▸ **Action item**: Please retype the entries below exactly, only from their first line through the line containing "عقد حجر الستروبيري كوارتز والجاد الطبيعي", leaving every picture out.

▸ **The data**:
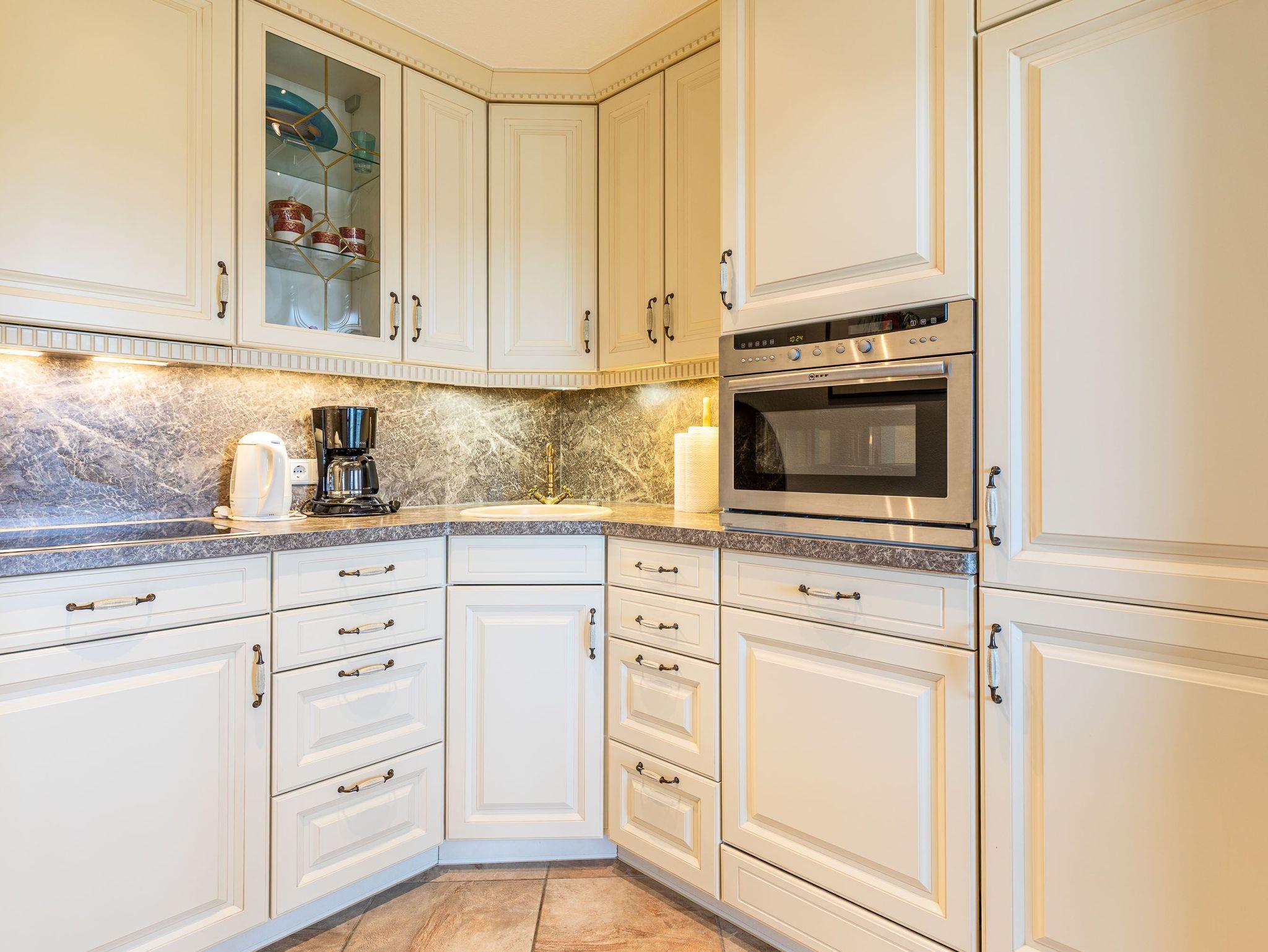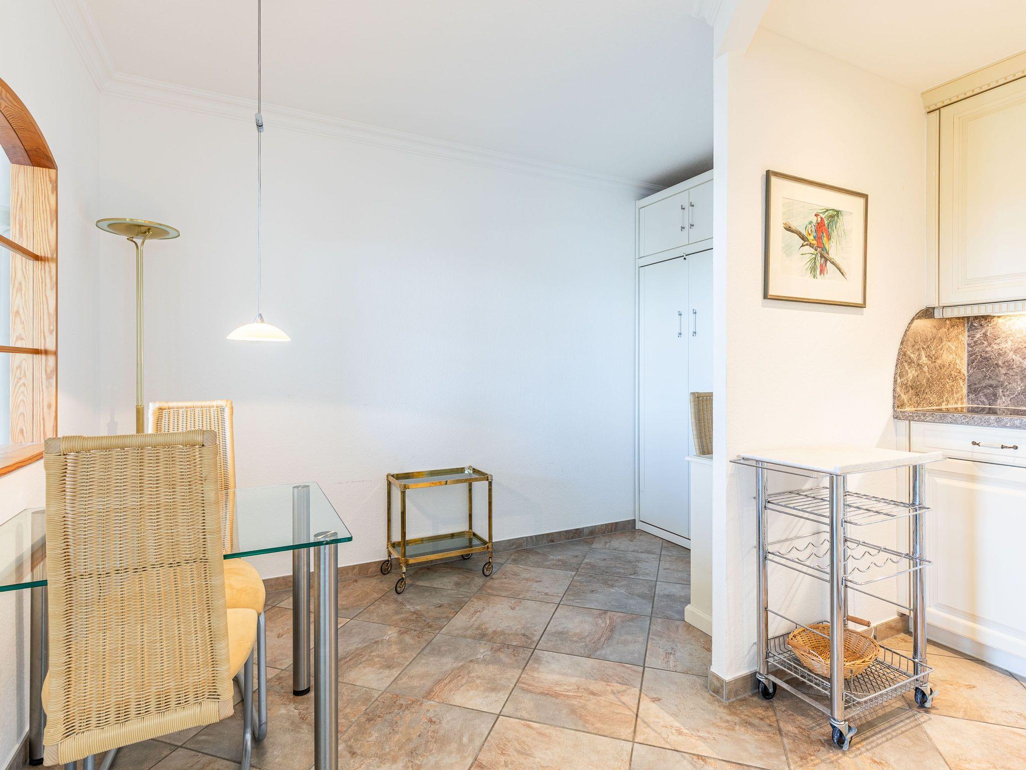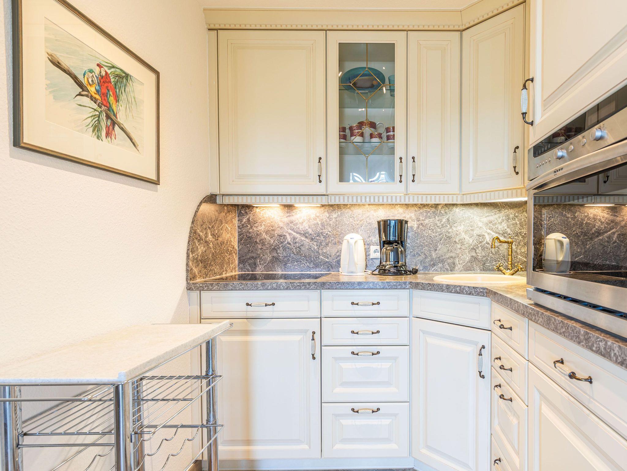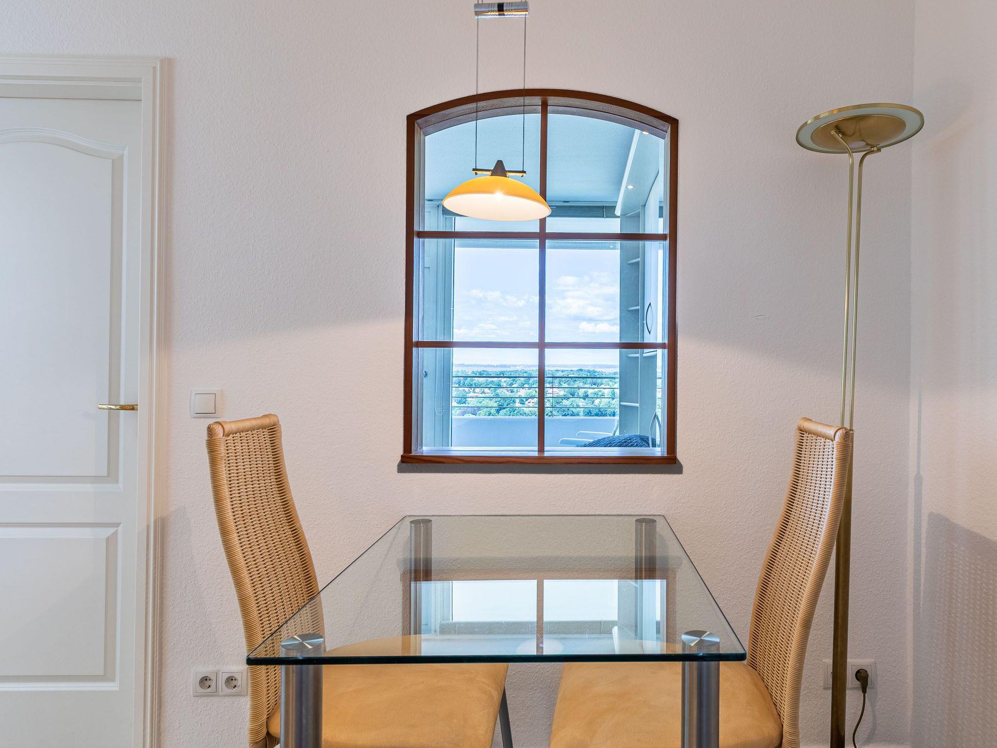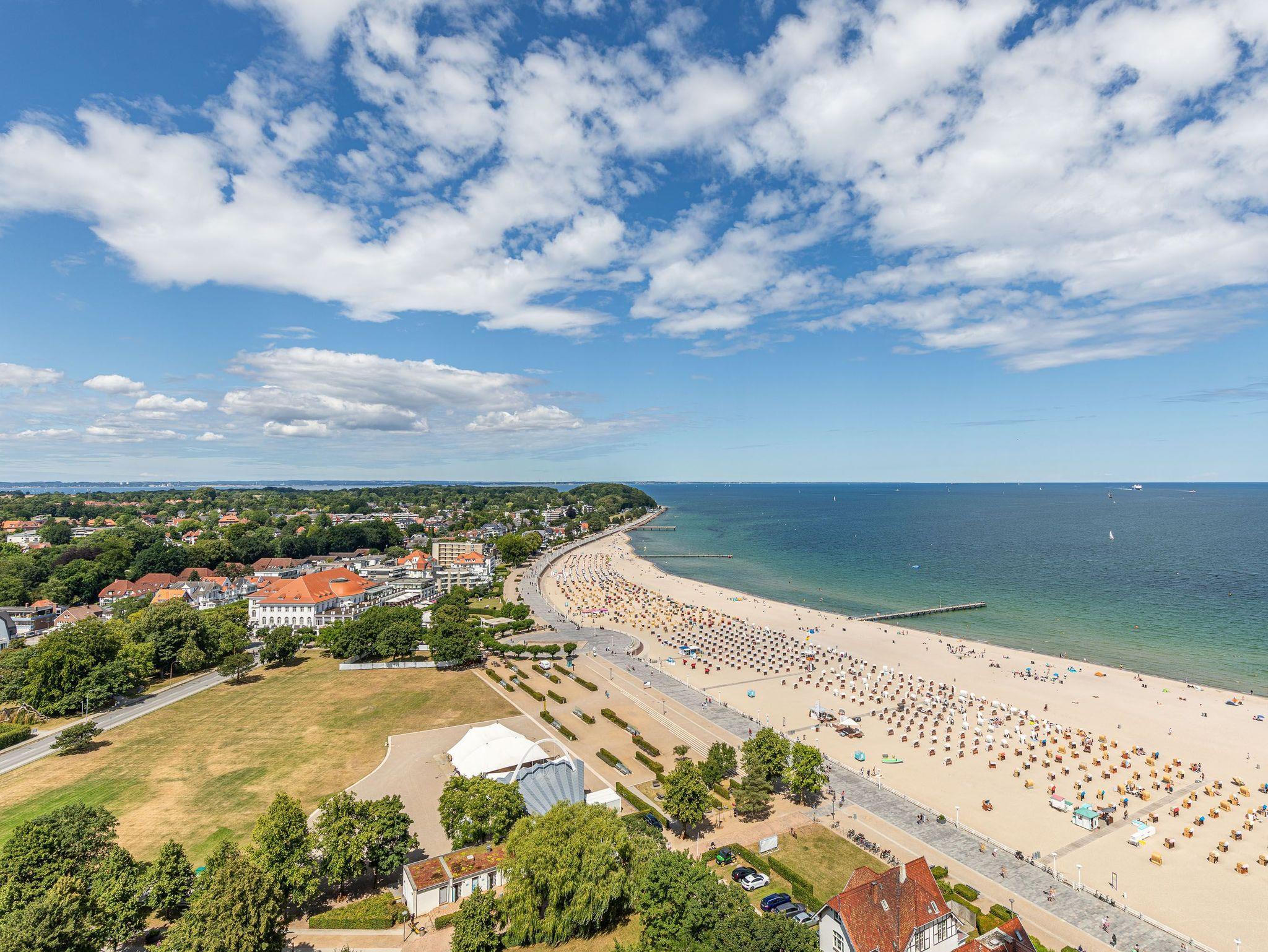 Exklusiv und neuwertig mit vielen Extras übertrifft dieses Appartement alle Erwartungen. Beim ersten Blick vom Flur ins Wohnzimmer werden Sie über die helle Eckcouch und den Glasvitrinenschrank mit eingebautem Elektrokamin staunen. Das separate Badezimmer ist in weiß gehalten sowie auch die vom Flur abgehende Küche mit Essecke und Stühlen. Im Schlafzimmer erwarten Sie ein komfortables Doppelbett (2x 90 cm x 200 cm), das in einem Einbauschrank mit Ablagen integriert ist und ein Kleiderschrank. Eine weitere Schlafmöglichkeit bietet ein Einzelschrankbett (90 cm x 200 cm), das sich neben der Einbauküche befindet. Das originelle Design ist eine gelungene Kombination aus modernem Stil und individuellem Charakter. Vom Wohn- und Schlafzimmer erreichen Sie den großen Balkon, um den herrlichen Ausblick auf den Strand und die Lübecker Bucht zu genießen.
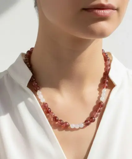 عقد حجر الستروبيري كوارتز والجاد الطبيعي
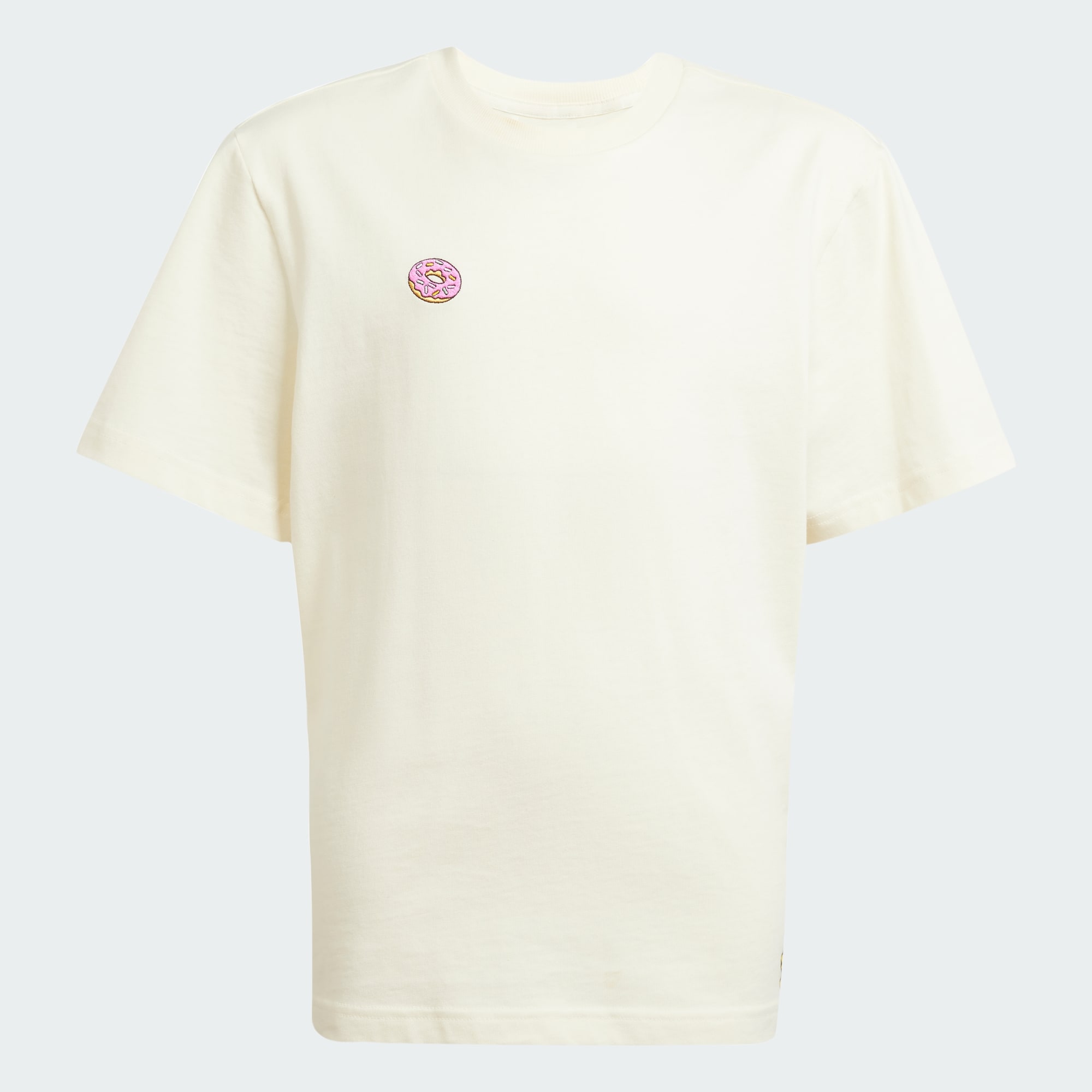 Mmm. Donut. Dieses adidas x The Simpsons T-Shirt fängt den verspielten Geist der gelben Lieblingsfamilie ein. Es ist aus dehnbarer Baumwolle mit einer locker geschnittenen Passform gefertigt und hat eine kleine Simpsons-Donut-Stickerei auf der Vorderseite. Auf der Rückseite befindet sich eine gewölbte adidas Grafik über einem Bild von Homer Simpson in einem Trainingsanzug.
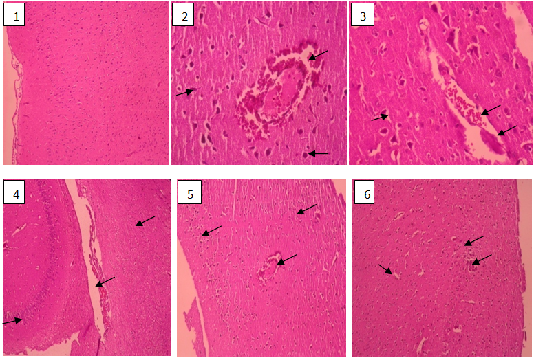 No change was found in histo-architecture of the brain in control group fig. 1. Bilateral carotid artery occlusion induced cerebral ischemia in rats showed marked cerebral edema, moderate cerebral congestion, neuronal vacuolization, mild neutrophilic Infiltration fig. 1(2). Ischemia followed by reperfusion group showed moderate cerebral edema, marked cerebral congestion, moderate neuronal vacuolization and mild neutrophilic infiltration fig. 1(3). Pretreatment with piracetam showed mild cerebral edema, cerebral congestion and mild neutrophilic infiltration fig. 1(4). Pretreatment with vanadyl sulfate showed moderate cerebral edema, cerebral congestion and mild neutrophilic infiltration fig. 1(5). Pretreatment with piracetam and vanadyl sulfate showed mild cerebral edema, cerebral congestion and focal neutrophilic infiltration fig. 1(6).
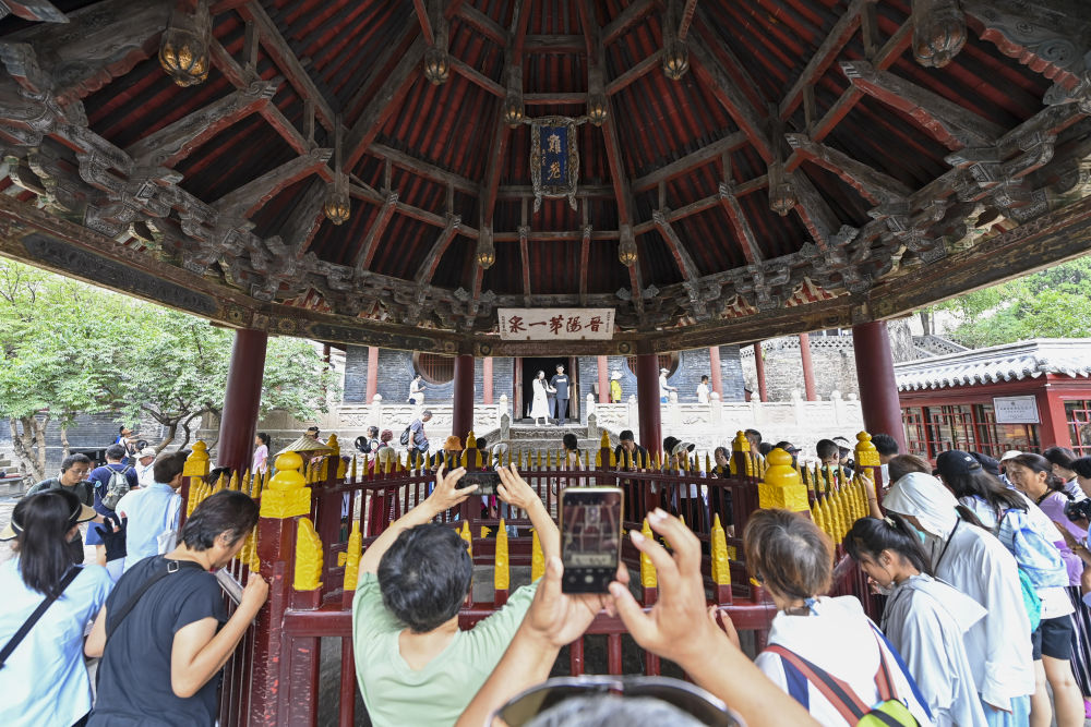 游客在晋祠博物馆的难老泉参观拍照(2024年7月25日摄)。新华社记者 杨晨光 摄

▸ **Output for this task**:
 Exklusiv und neuwertig mit vielen Extras übertrifft dieses Appartement alle Erwartungen. Beim ersten Blick vom Flur ins Wohnzimmer werden Sie über die helle Eckcouch und den Glasvitrinenschrank mit eingebautem Elektrokamin staunen. Das separate Badezimmer ist in weiß gehalten sowie auch die vom Flur abgehende Küche mit Essecke und Stühlen. Im Schlafzimmer erwarten Sie ein komfortables Doppelbett (2x 90 cm x 200 cm), das in einem Einbauschrank mit Ablagen integriert ist und ein Kleiderschrank. Eine weitere Schlafmöglichkeit bietet ein Einzelschrankbett (90 cm x 200 cm), das sich neben der Einbauküche befindet. Das originelle Design ist eine gelungene Kombination aus modernem Stil und individuellem Charakter. Vom Wohn- und Schlafzimmer erreichen Sie den großen Balkon, um den herrlichen Ausblick auf den Strand und die Lübecker Bucht zu genießen.
 عقد حجر الستروبيري كوارتز والجاد الطبيعي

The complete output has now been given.